И вот итог этой «трихинной», «чумной» эпидемии: «<…> Знание выше чувства, сознание жизни – выше жизни. Наука даст нам премудрость, премудрость откроет законы, а знание законов счастья – выше счастья». Вот что говорили они, и после слов таких каждый возлюбил себя больше всех…» Конечно, речь здесь не о знании вообще, а лишь об умолюбии, об «уме-подлеце», «уме-звере», о том омертвляющем, смертоносном знании, которому Гёте в «Фаусте» и противопоставляет «вечное древо жизни».
Читаем дальше. Разворачивается сплошная смертоносная вдруг-ситуация: «Святая кровь лилась на порогах храмов. Зато стали появляться люди, которые начали придумывать: как бы всем вновь так соединиться, чтобы каждому, не переставая любить себя больше всех, в то же время не мешать никому другому, и жить таким образом всем вместе, как бы и в согласном обществе. Целые войны поднялись из-за этой идеи. Все воюющие твердо верили в то же время, что наука, премудрость и чувство самосохранения заставят, наконец, человека соединиться в согласное и разумное общество, а потому пока, для ускорения дела, “премудрые” старались поскорее истребить всех “непремудрых” и не понимающих их идею, чтобы они не мешали торжеству ее. Но чувство самосохранения стало быстро ослабевать, явились гордецы и сладострастники, которые прямо потребовали всего или ничего. Для приобретения всего прибегалось к злодейству, а если оно не удавалось – к самоубийству. Явились религии с культом небытия и саморазрушения ради вечного успокоения в ничтожестве».
Разгораются две самоубийственные войны, связанные между собой: люди против людей и люди против природы.
Сначала люди любили деревья и животных так, как любили друг друга, и те отвечали им тем же. Люди разговаривали с природой, и она понимала их! Но потом они объявили войну природе, и природа стала мстить им. Природа стала злой, как люди. И вот – образ этой природы: «Я возвращался тогда в одиннадцатом часу вечера домой и именно, помню, я подумал, что уже не может быть более мрачного времени. Даже в физическом отношении. Дождь лил весь день, и это был самый холодный и мрачный дождь, я это помню, с явной враждебностью к людям…» Какой опять простой, странный, точный образ, и как понятен он нам сейчас (только сейчас) именно в своей обыденности, когда грозят уже не просто плохие погоды, а когда отравленная человеком природа мстит ему за себя. Словно вот-вот собираются сбыться слова: «Можно, пожалуй, сказать, что назначение человека заключается в том, чтобы уничтожить свой род, предварительно сделав земной шар непригодным для обитания». Это Ламарк, 1820 год. И этому не веришь, то есть не веришь тому, что уже тогда такое – виделось. Но это тем более и потрясает, как и тот «мрачный дождь», «с явной враждебностью к людям», когда, кажется, «уже не может быть более мрачного времени. Даже в физическом отношении».

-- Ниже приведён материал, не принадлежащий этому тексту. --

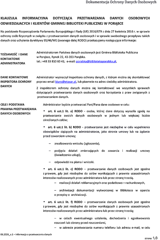 Państwa dane osobowe będą przetwarzane w celu obsługi czytelników w zakresie udostępniania zbiorów bibliotecznych.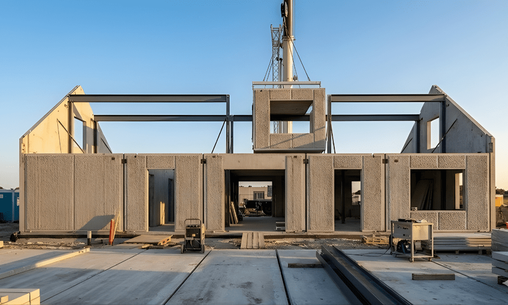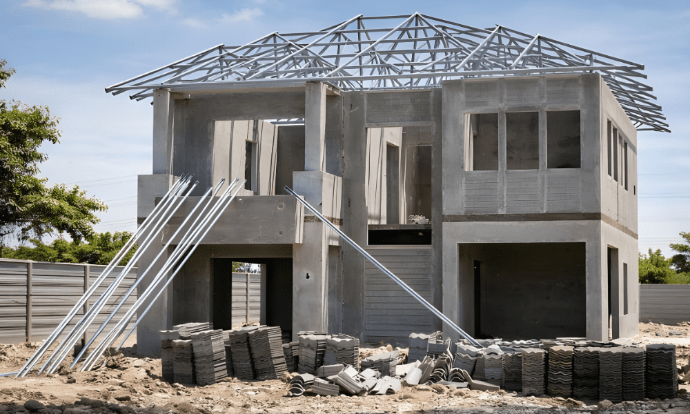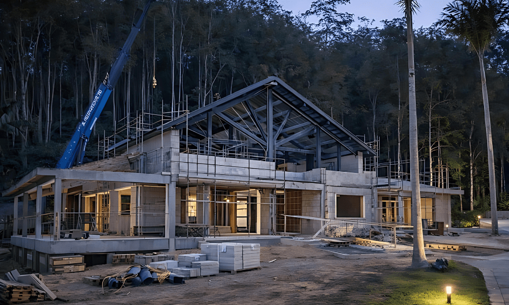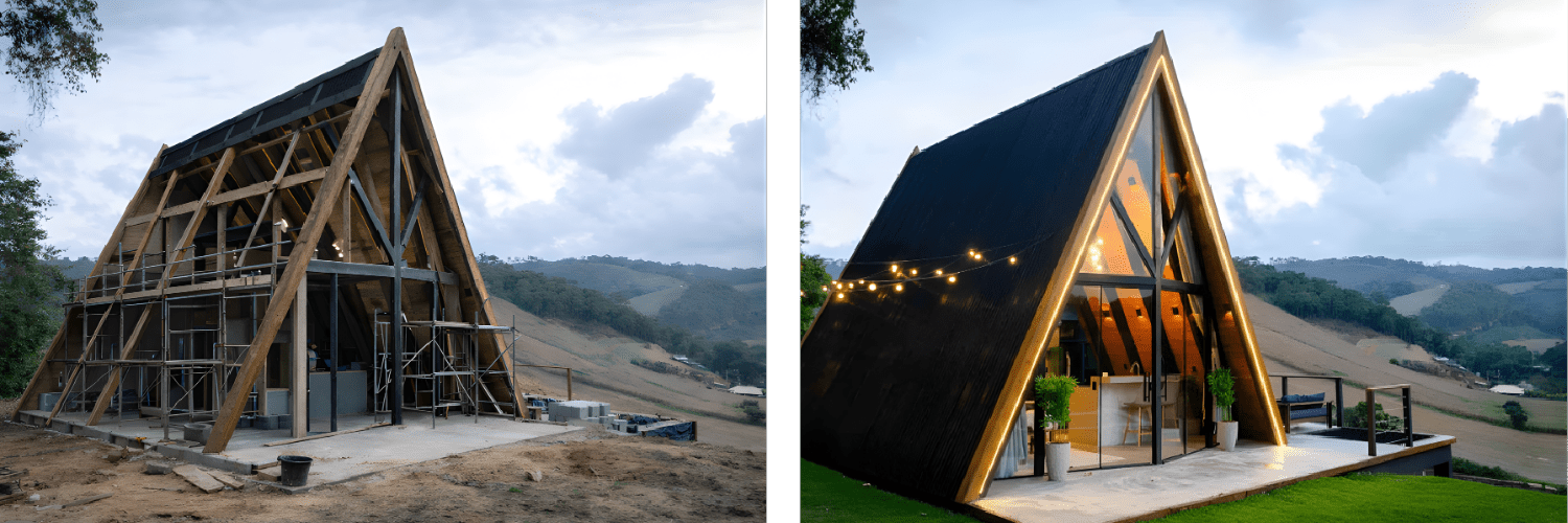 A Construção Contempla estrutura de steel frame integrada com fechamento em placa cimentícia, janelas e portas planejadas conforme projeto arquitetônico, considerando desempenho, eficiência e qualidade final.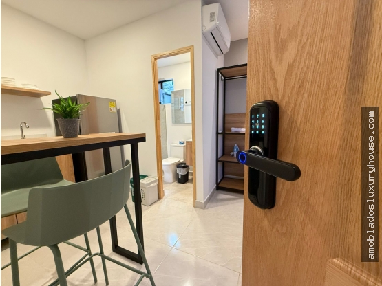 A dos cuadra del primer parque de laureles Un solo ambiente Aire acondicionado Cama doble Cocina dotada televisor Agua caliente Wifi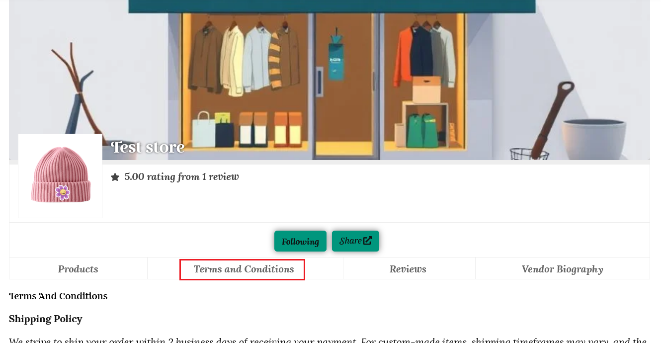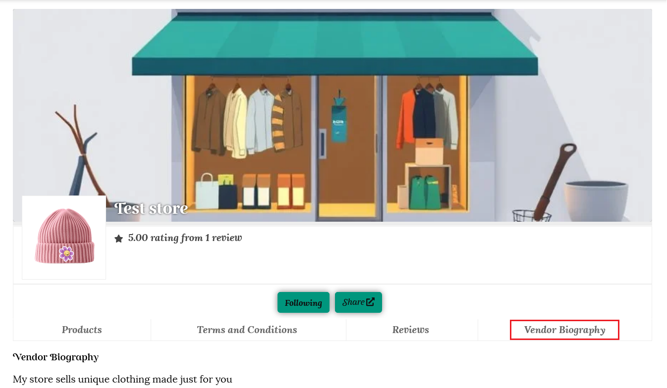 Your biography will be added to a tab on your store page.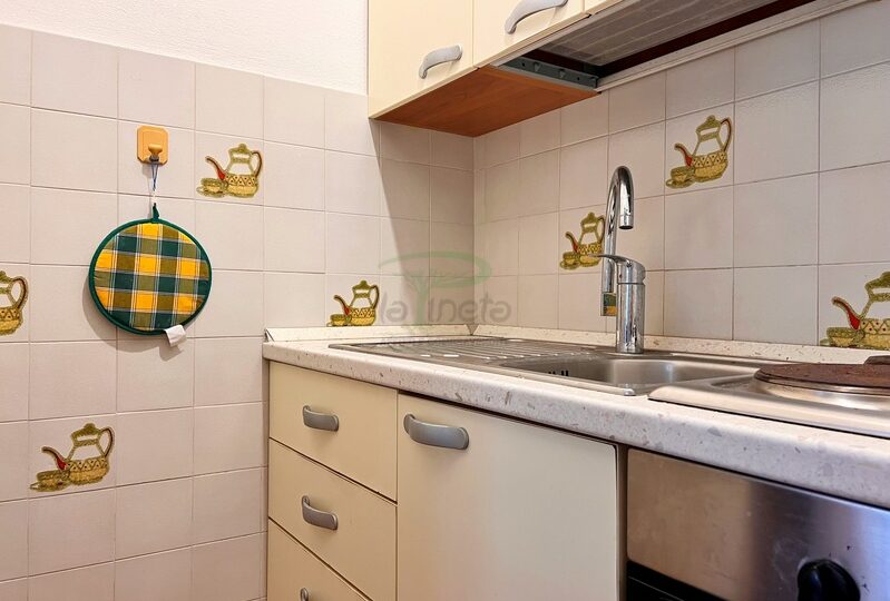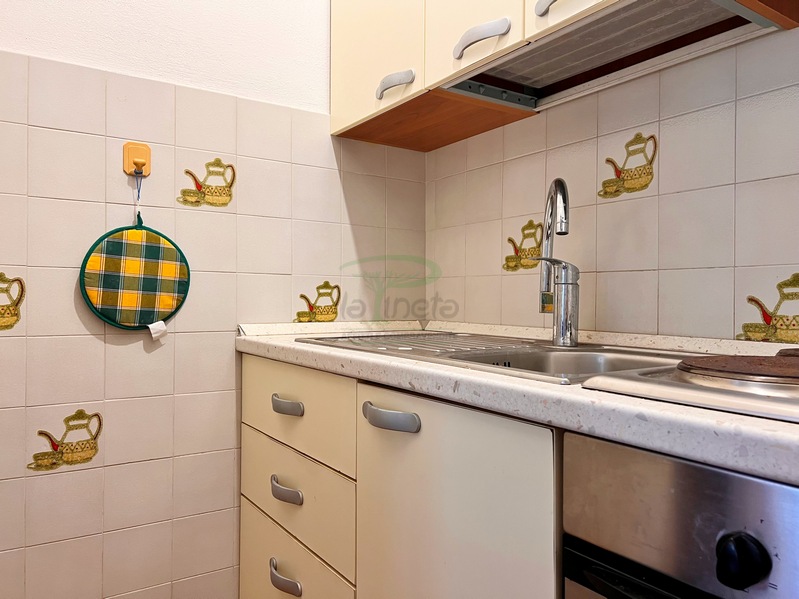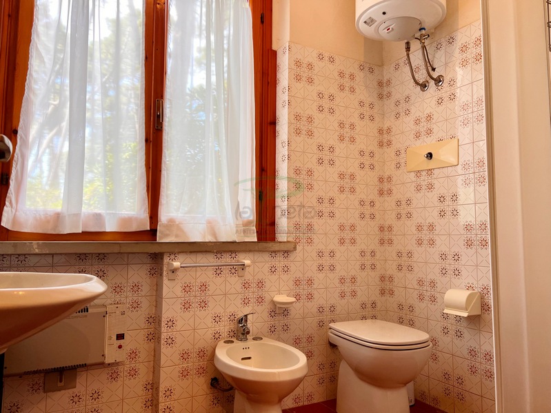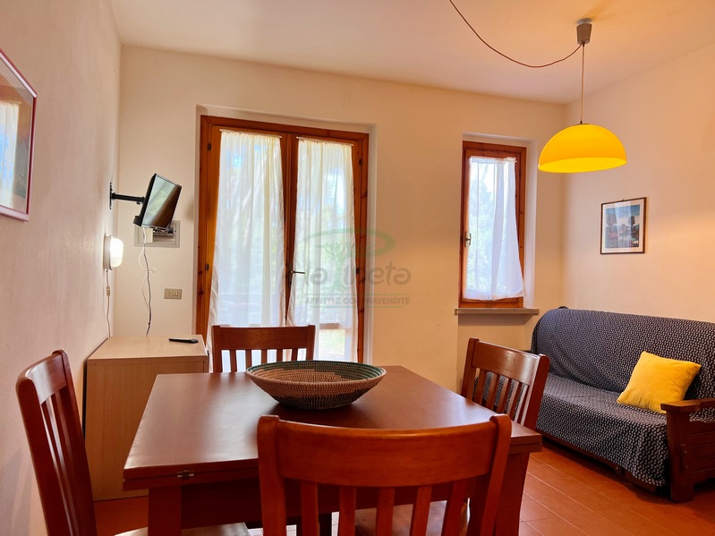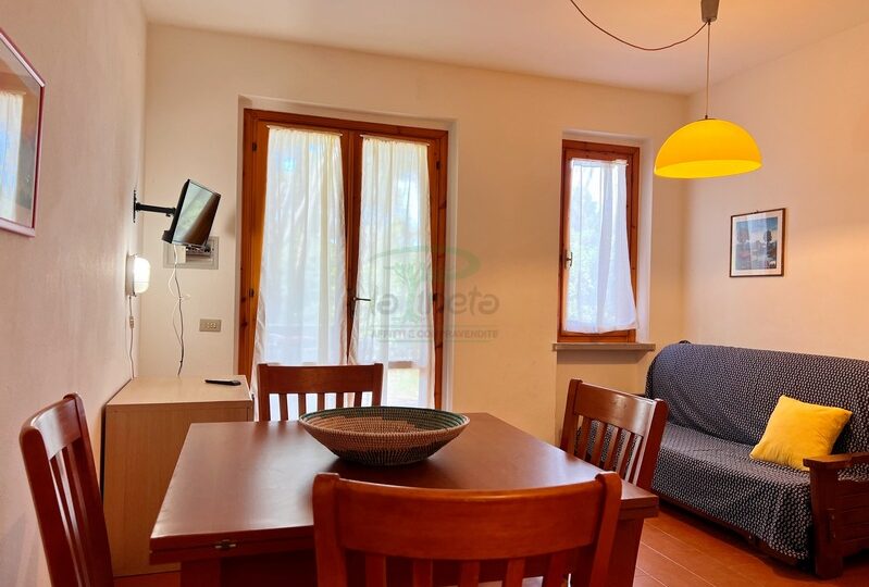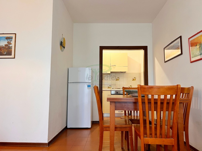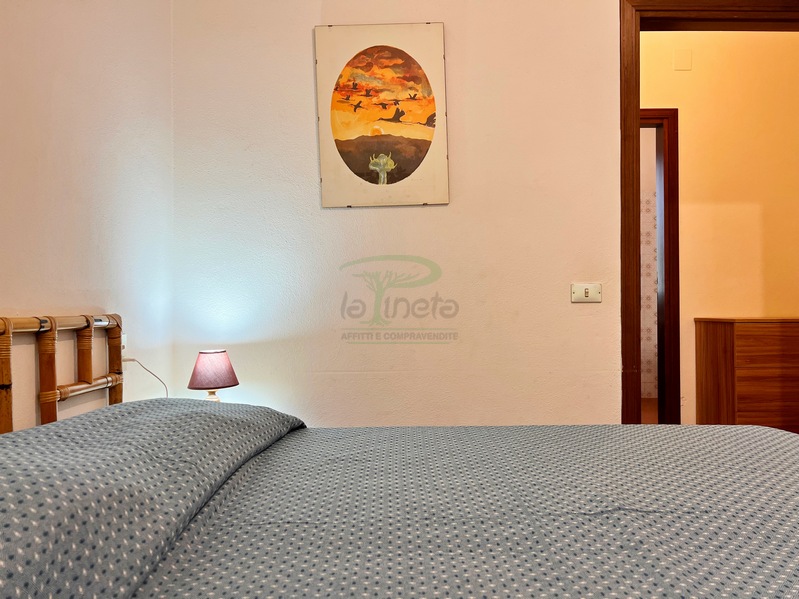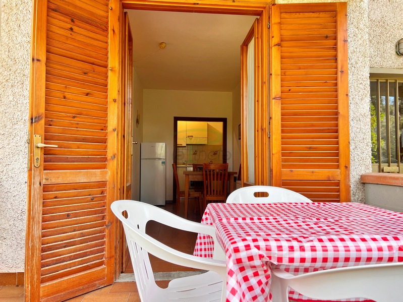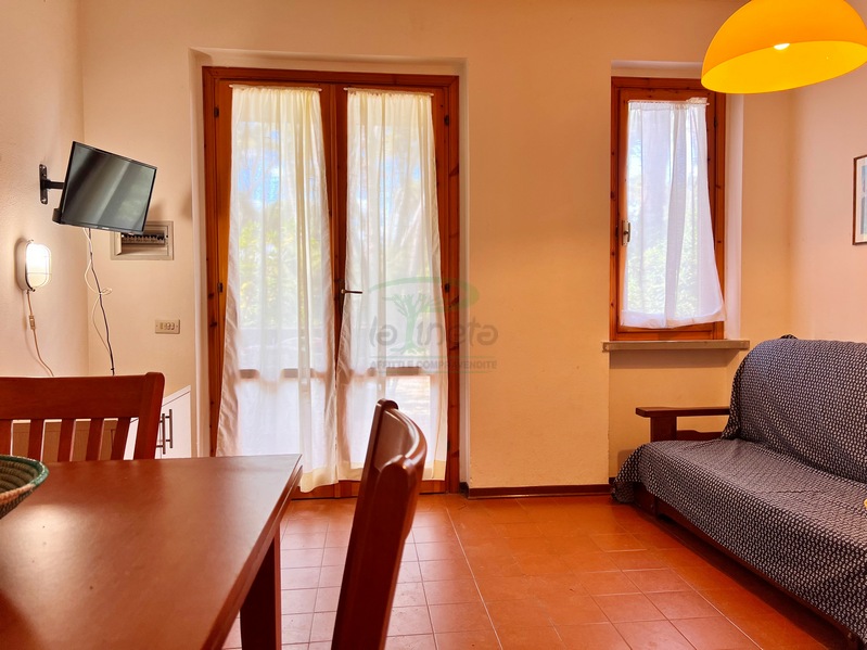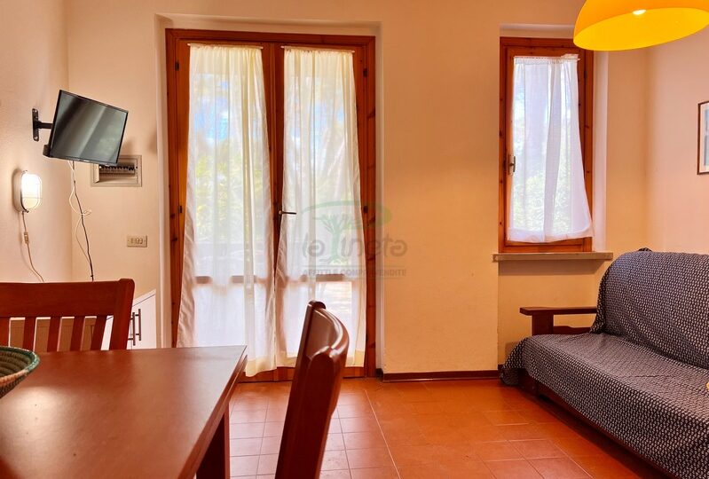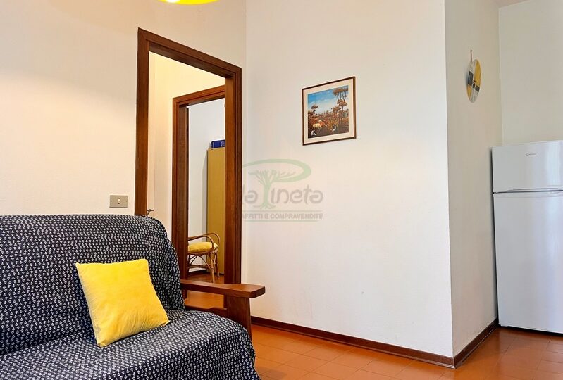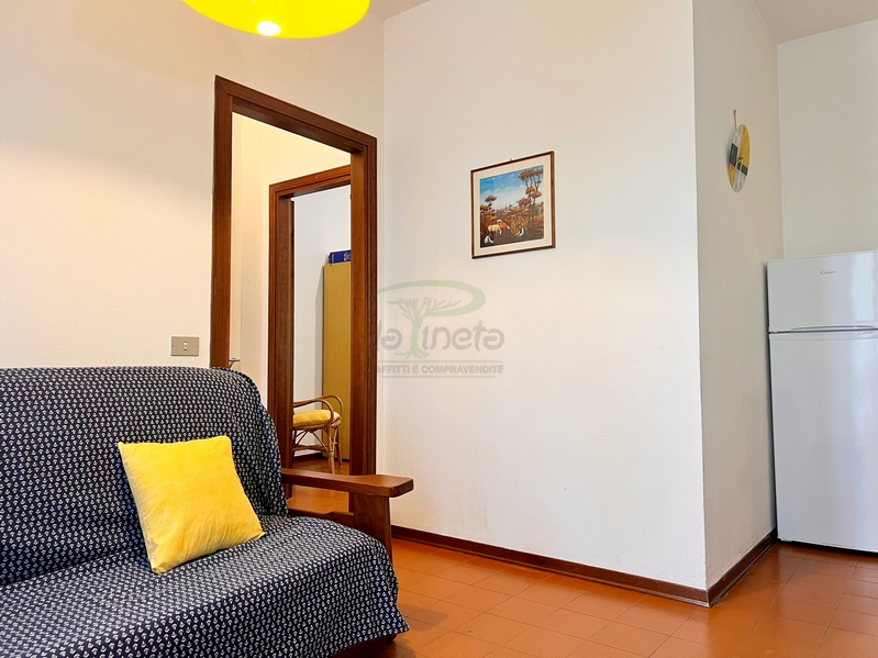 Bilocale piano terra a 550 metri dal primo accesso alla spiggia, soggiorno con divano letto, angolo cottura, camera matrimoniale e bagno con doccia. tv e lavatrice. No Biancheria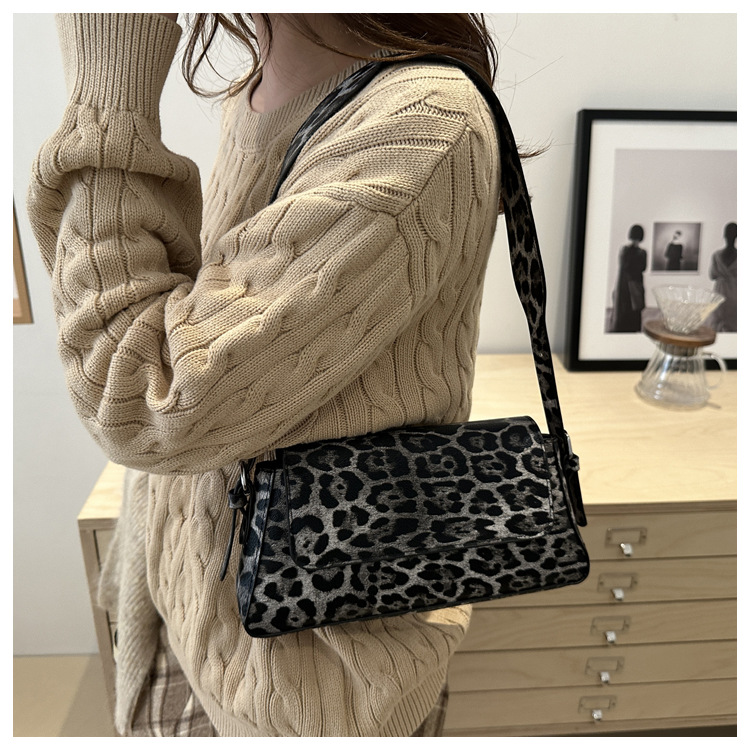 上新今年流行シンプル2024新型韓国版ファッション豹紋個性女性シングル肩斜め掛け脇下バッグ
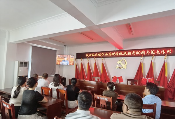 當日,大通鎮壩田社區積極組織社區兩委干部觀看了此次閱兵活動。社區兩委干部們齊聚一堂,懷著崇敬的心情,共同見證了這一莊嚴而神圣的時刻。閱兵式上,上萬名受閱官兵、數百臺(套)地面裝備、百余架戰機,編成 45 個方(梯)隊莊嚴接受祖國和人民檢閱。大家紛紛表示,通過觀看閱兵,深刻感受到了祖國的強大和人民軍隊的威武之師、文明之師的風采,也更加堅定了為社區發展、為實現中華民族偉大復興的中國夢而努力奮斗的決心。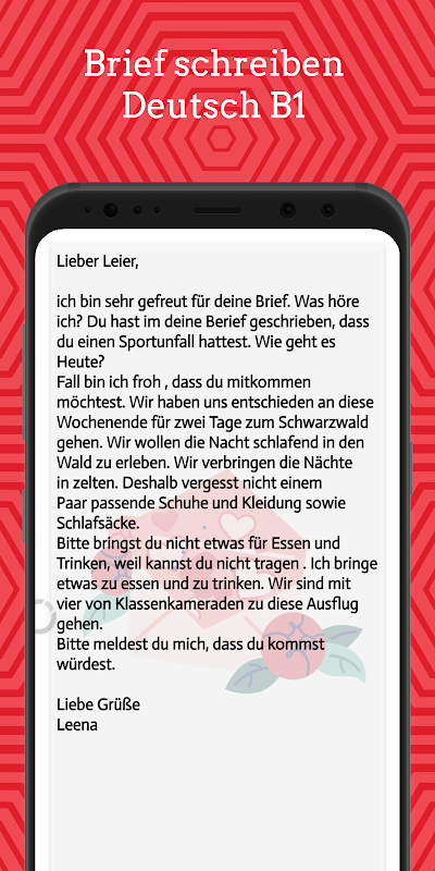 Bu uygulamanın yardımıyla B1 sınavı için bir mektup yazmak çok kolay Brief schreiben Deutsch b1. Sınav için en güzel harf örnekleri adım adım verilmiştir. Kısa schreiben Deutsch b1 Deutsch kısa schreiben öğrenmek isteyen öğrenciler için benzersiz bir uygulama.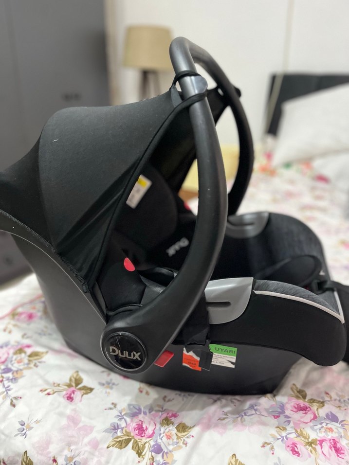 Siyah DULUX bebek oto koltuğu, sağlam tutma sapı ve koruyucu tente ile bebekler için güvenli ve konforlu seyahat sağlar. Hiçbir kusuru yok tertemiz. Çok hafif taşıması kolay, çok dik değil bebek omurgası için uygun, oğlum 2 yaşında 15kg hala içine yatabiliyor. Genişliği ideal. Arabada kullanırken kemer takma yerleri mevcut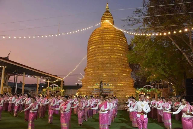 ระหว่างพิธี ชาวบ้านถือรวงข้าวร่ายรำรอบเจดีย์ข้าวเปลือก 3 รอบ พร้อมลูบองค์เจดีย์ตามความเชื่อเพื่อความเป็นสิริมงคล ปีนี้ยังพัฒนาต่อยอดงานประเพณี โดยอำเภอวังโป่ง สภาวัฒนธรรม และเทศบาลตำบลวังโป่ง ร่วมกันตกแต่งรวงข้าวอย่างสวยงาม เปิดให้นักท่องเที่ยวชม–ถ่ายภาพ และเชิญพระนักเทศน์ชื่อดังประกอบพิธี เพิ่มสีสันและความศักดิ์สิทธิ์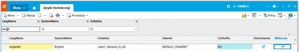 Dodatkowo, podobną konfigurację należy wykonać z poziomu słownika konfiguracyjnego „Języki (techniczny)”, gdzie określamy listę języków z dostępnymi tłumaczeniami (po zalogowaniu do bazy danych). Dla uproszczenia przyjmijmy, że będzie to język angielski:

И история, и природа оказались на пороге небытия.
А Смешной? Он пытается остановить самоубийц. Нет, не обличает их – умоляет. Обличает он во всем только самого себя. Но в нем видят юродивого, грозят сумасшедшим домом. И он – проснулся от невыносимой скорби.
Прочь, револьвер! «О, теперь жизни и жизни!.. Да, жизнь и – проповедь!»
Он прозревает: «Я видел истину, я видел и знаю, что люди могут быть прекрасны и счастливы, не потеряв способности жить на земле. Я не хочу и не могу верить, чтобы зло было нормальным состоянием людей. А ведь они все только над этой верой-то моей и смеются. О, как мне не веровать: я видел истину, – не то что изобрел умом, а видел, видел, и живой образ ее наполнил душу мою навеки…»
И вот последняя – самая последняя – пронзительная гениальная строчка. Только вначале о том, как она подготовлена, о том, в каком контрапункте она звучит.
Прямо, непосредственно перед ней: «“Сознание жизни – выше жизни, знание законов счастья – выше счастья” – вот с чем бороться надо! И буду! Если только все захотят, то сейчас все устроится».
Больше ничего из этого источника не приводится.